- _WHAT YOU HAVE TO DO_
Copy the data exactly. Images are to be left out.

- _DATA SHOWN_
-----
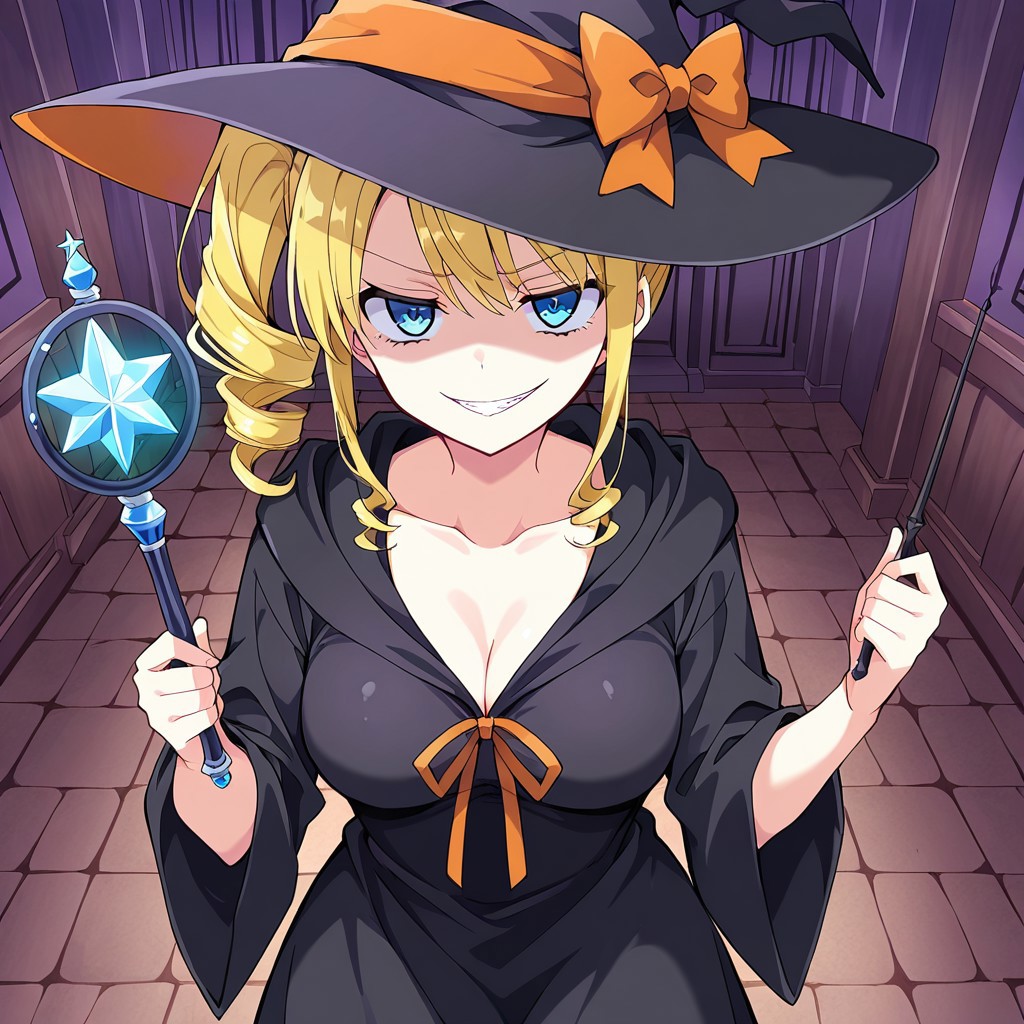 악마의 마법사: 포케갈, 047_magi, 금발, 사이드 포니테일, 드릴 머리, 파란 눈, 중간 크기 가슴
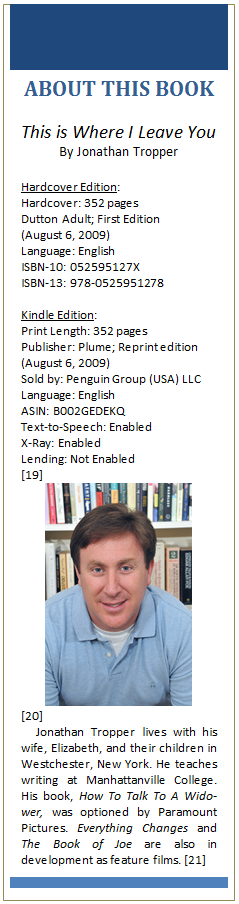 They will have to use up the entire estate before they qualify for aid. Jonathan Tropper is the internationally bestselling author of six novels:. Plan B, The Book of Joe, Everything Changes, How To Talk to a Widower, This Is Where I Leave You, and One Last Thing Before I Go.
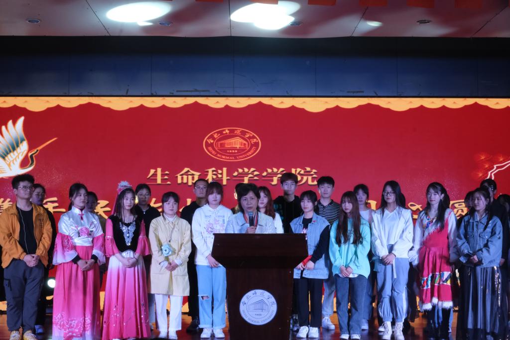 本网讯 为迎接“五四”青年节和庆祝建党100周年,切实增强同学们对伟大祖国、中华民族、中华文化、中国共产党和中国特色社会主义的认同,巩固和发展同学们民族团结的思想基础,生命科学学院2020级新生在辅导员黄洁的组织下,杨帆的指导下,于4月22日晚在老员工活动中心,举办了以“携手民族情,共筑同心圆”为主题的民族团结晚会。员工工作处处长陆涛、生命科学公司党委书记郭桃芬、经理徐忠东、副经理朱桂兰、副书记杨娜、校团委姚瑶老师以及生命科学学院部分教师和辅导员出席晚会,师生齐聚,共唱民族团结之歌,共诉热爱祖国之情。
-----
- _ANSWER TO THE EXERCISE_
 악마의 마법사: 포케갈, 047_magi, 금발, 사이드 포니테일, 드릴 머리, 파란 눈, 중간 크기 가슴
 They will have to use up the entire estate before they qualify for aid. Jonathan Tropper is the internationally bestselling author of six novels:. Plan B, The Book of Joe, Everything Changes, How To Talk to a Widower, This Is Where I Leave You, and One Last Thing Before I Go.
 本网讯 为迎接“五四”青年节和庆祝建党100周年,切实增强同学们对伟大祖国、中华民族、中华文化、中国共产党和中国特色社会主义的认同,巩固和发展同学们民族团结的思想基础,生命科学学院2020级新生在辅导员黄洁的组织下,杨帆的指导下,于4月22日晚在老员工活动中心,举办了以“携手民族情,共筑同心圆”为主题的民族团结晚会。员工工作处处长陆涛、生命科学公司党委书记郭桃芬、经理徐忠东、副经理朱桂兰、副书记杨娜、校团委姚瑶老师以及生命科学学院部分教师和辅导员出席晚会,师生齐聚,共唱民族团结之歌,共诉热爱祖国之情。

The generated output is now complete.